The honourable member for Gippsland made great play about the dignity of the House. I do not know whether the House does itself justice when it inquires into these matters, but the House has established its own Standing Orders and it certainly would do itself less than justice if it allowed those Standing Orders to be ignored and flouted without taking any action.

I understand that honourable members on both sides of the House, and certainly those in the honourable gentleman's own Party, were fairly insistent that this matter be referred to the Privileges Committee. The honourable member for Gippsland raised a number of other matters that he felt should be the subject of similar inquiries. Standing Orders provide the means by which the honourable member could at any stage initiate those inquiries. If he could make out even a prima facie case of breach of privilege, the Privileges Committee would be obliged, on reference of the matter, to inquire into it. I think it is fairly cheap politics to come into this House and make a speech that has nothing to do with the report of the Privileges Committee. It is, in fact, playing politics to suggest that the Committee could have inquired into something else. 1 repeat, if the honourable member for Gippsland could have made out even a prima facie case he could have had it referred to the Committee. Instead, he has made slighting remarks about the House and the officers of the Parliament.

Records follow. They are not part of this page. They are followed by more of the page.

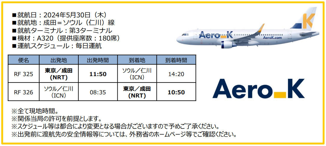 Aero K、2024年5月30日より成田=ソウル(仁川)線に新規就航!
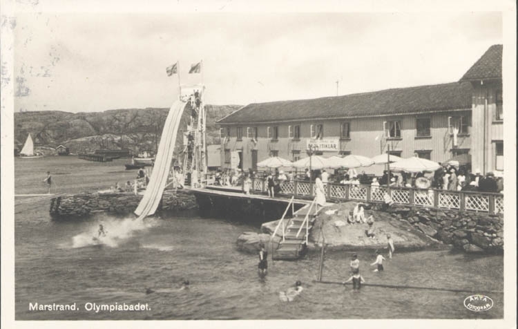 Tryckt text på kortet: "Olympiabadet. Marstrand."
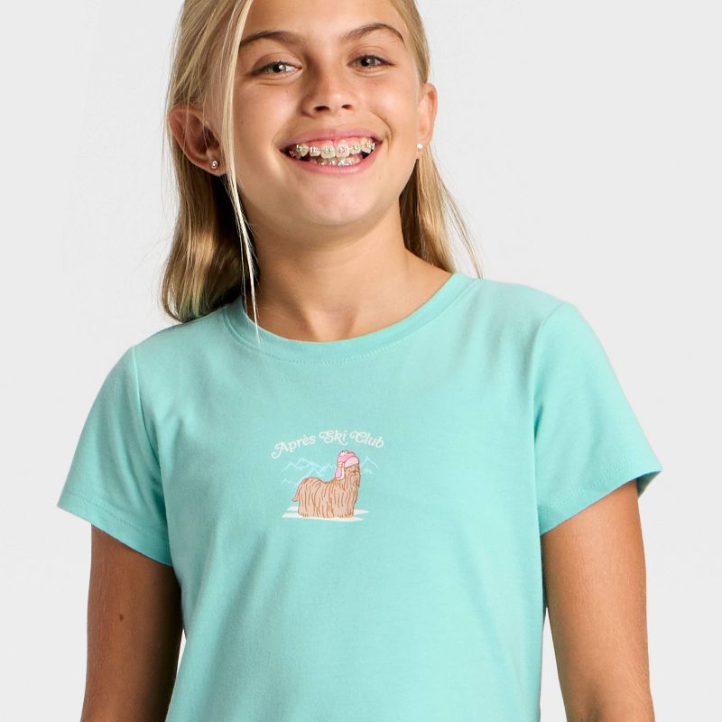 Girls' Short Sleeve 'Ski Dog' Graphic T-Shirt - Cat & Jack™ Aqua Green S
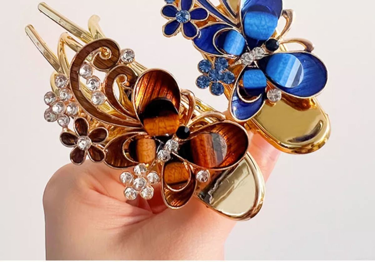 brown butterfly flower duckbill clip

Mr Anthony - It is easy to make them about members of the Opposition, too.


Mr SCHOLES - If the Leader of the Country Party reads the honourable gentleman's speech he will understand what I am talking about. This particular reference has had an unfortunate ending and I would join other honourable members in expressing my sympathy to the wife and family of Mr Tier. It is extremely unfortunate, indeed tragic, that such an event should occur, and even more unfortunate that it should occur in such circumstances as those that now concern the House. My personal belief is that the House cannot afford to allow its Standing Orders to be flouted, and that it should take action wherever substantial evidence is available. However, that action must be in accordance with the circumstances existing at the time, and I believe that the motion moved by the Minister meets the present circumstances.

Mr NIXON(Gippsalnd) - Mr Speaker. I wish to make a personal explanation.


Mr SPEAKER - Order! Does the honourable member claim to have been misrepresented


Mr NIXON - Most grievously. The honourable member, for Corio (Mr Scholes) alleged that I was charging parliamentary officers and officers of the Privileges Committee with possibly leaking the contents of the Committee's report. That is far from the truth. What I said in my speech, as the honourable member for Corio will find if he looks at Hansard when it is available, was that I had been told that it appeared in evidence - it has now been shown - that the report had a wider circulation than among members and officers of the Privileges Committee. It was not. my intention to say, nor my thought, that officers of the Parliament or officers of the Committee were guilty of such an act. I do not believe that for one moment. However, as I say, I understand that the report of the Committee was spread much wider than has been suggested, going possibly to the Prime Minister's Department and the Department of Primary Industry, as examples.